The pre-processing section is required first as it produces in output the cleaned dataset to be used in the other sections. There is no specific order on how to run the other sections.

The pre-processing section aims to free the data from unreliable samples which will probably lead to wrong outputs. In such way, effective data pre-processing methods are applied to avoid the effects of noisy and unreliable data.
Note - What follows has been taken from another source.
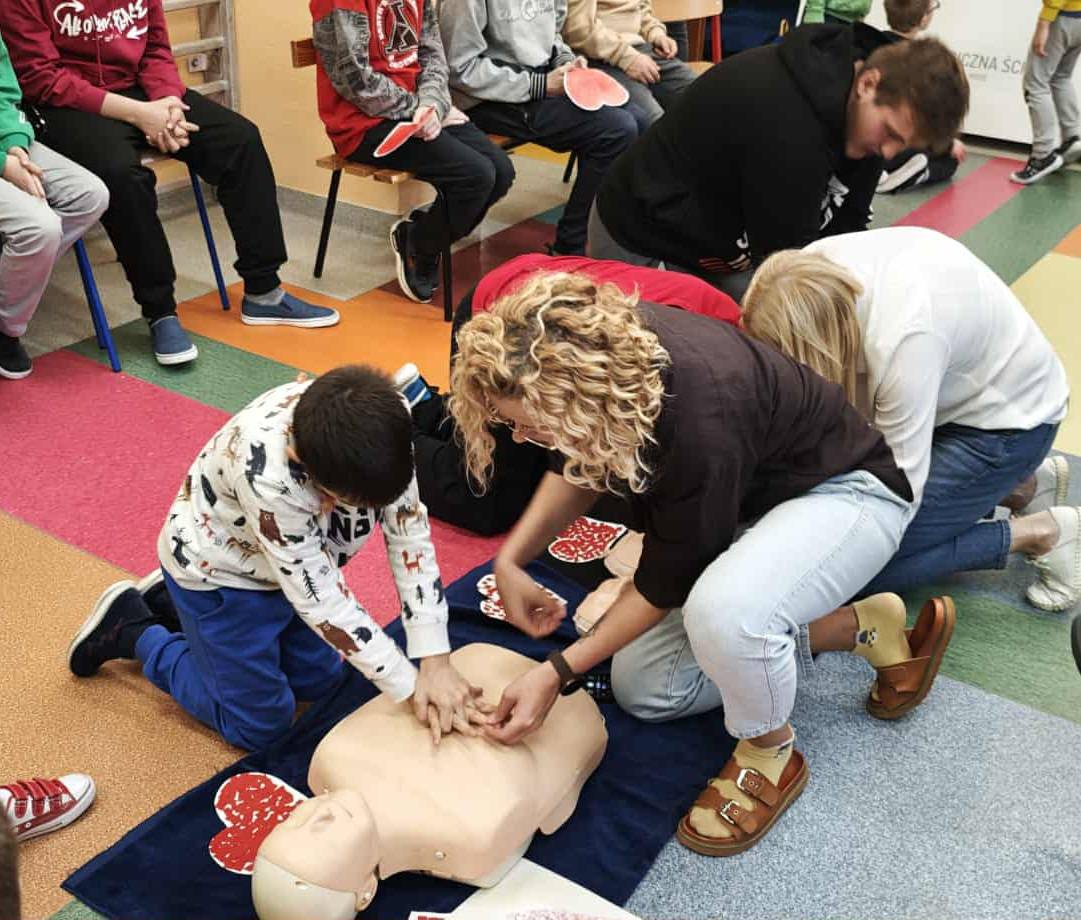 Dnia 16.10.2025 r. nasza szkoła dołączyła do ogólnopolskiej akcji bicia rekordu w jednoczesnym prowadzeniu resuscytacji krążeniowo-oddechowej. W wydarzeniu wzięło udział 23 uczniów i 11 nauczycieli, którzy z pełnym zaangażowaniem ćwiczyli udzielanie pierwszej pomocy. Do ćwiczeń wykorzystano fantomy przekazane przez Wielką Orkiestrę Świątecznej Pomocy, dzięki którym mogliśmy w praktyce doskonalić tak ważne umiejętności. Dziękujemy wszystkim uczestnikom – razem pokazaliśmy, że umiemy i chcemy ratować życie.
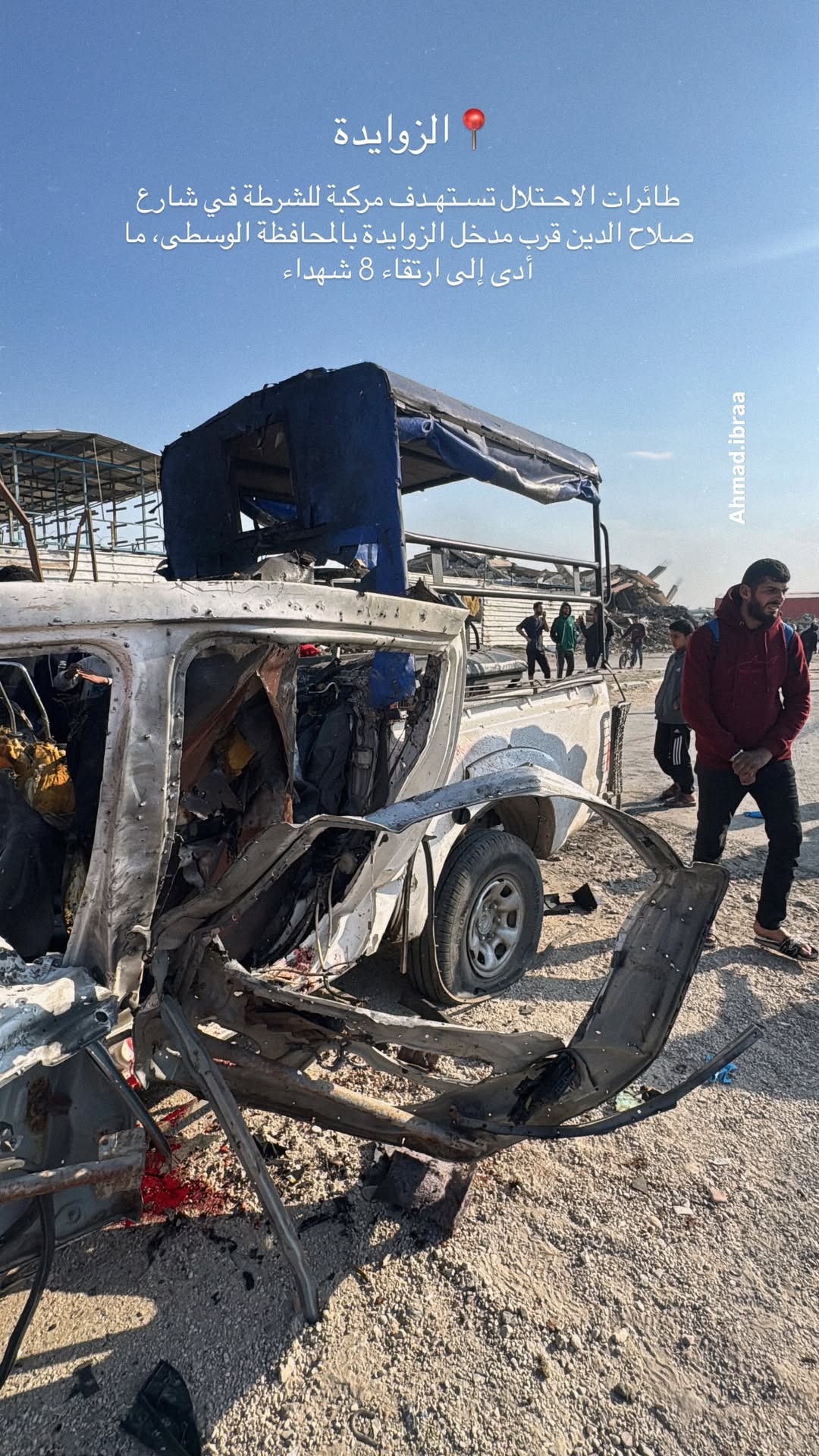 The first moments after an Israeli drone targeted a Palestinian police vehicle in the central governorate of the Gaza Strip, killing nine citizens

This section requires as input the raw data frame, e.g. ion's concentrations. It is also possible to define a set of ion's standard deviation, as these are possibly computed accounting for some control genes. Note that the latter is an optional input i.e if not provided the standard deviations from the data would be computed to perform the data standardisation (see Section Standardisation).

Inspect the raw data

data(IonData)

We illustrate the Ionomics workflow with ICP-MS data of yeast intracellular ion concentrations measured for 1454 single-gene haploid knockouts (data from Danku, 2009). Ions measured include Ca44, Cd111, Co59, Cu65, Fe56, K39, Mg25, Mn55, Mo95, Na23, Ni60, P31, S34, Zn66. Values of concentration are in ppm and have been adjusted using optical density measurements. Intracellular concentrations are measured for two, four or eight replicas of each mutant depending on the knock-out. Knock-out YDL227C mutant is measured multiple times in every batch as control strain.

Run the pre-processing function

pre_proc <- PreProcessing(data=IonData,stdev=pre_defined_sd)

The concentration values for the raw data ion can be summarised as follow.

pre_proc$stats.raw_data

	Ion	Min	1st Quartile	Median	Mean	3rd Quartile	Max	Variance
1	Ca	0.449	31.73	40.44	45.071	51.015	902.568	829.525
2	Cd	0.174	0.866	0.988	1.002	1.121	2.512	0.051
3	Co	0.007	0.142	0.16	0.162	0.184	0.702	0.001
4	Cu	0.587	1.344	1.586	1.717	1.831	327.79	16.91
5	Fe	0.002	5.527	7.295	9.469	9.332	6624.526	5154.611
6	K	284.273	2060.619	2495.265	2492.765	2879.551	17777.452	534784.375
7	Mg	115.63	546.325	679.275	642.578	753.678	3838.479	31947.598
8	Mn	0.02	0.982	1.206	1.197	1.38	7.339	0.106
9	Mo	0.158	0.656	0.934	1.109	1.327	60.879	1.855
10	Na	0.184	128.831	185.25	196.545	247.747	892.968	9027.944
11	Ni	0.074	0.982	1.258	1.693	1.543	2323.058	565.618
12	P	1194.953	3833.9	4514.476	4289.109	4952.98	21695.748	1151197.05
13	S	20.592	434.61	512.845	529.493	605.436	5484.638	37212.137
14	Zn	7.659	14.785	16.549	17.114	18.334	2221.586	511.804

There is a very high variability of the knockouts across ions and within the batches. There are no missing values in the data.

Outlier detection

We define a lower outer fence: Q1 - 3*IQ and a upper outer fence: Q3 + 3*IQ where Q1 and Q3 are the first and the third quantile of the distribution, respectively. A point beyond the outer fence is considered an extreme outlier.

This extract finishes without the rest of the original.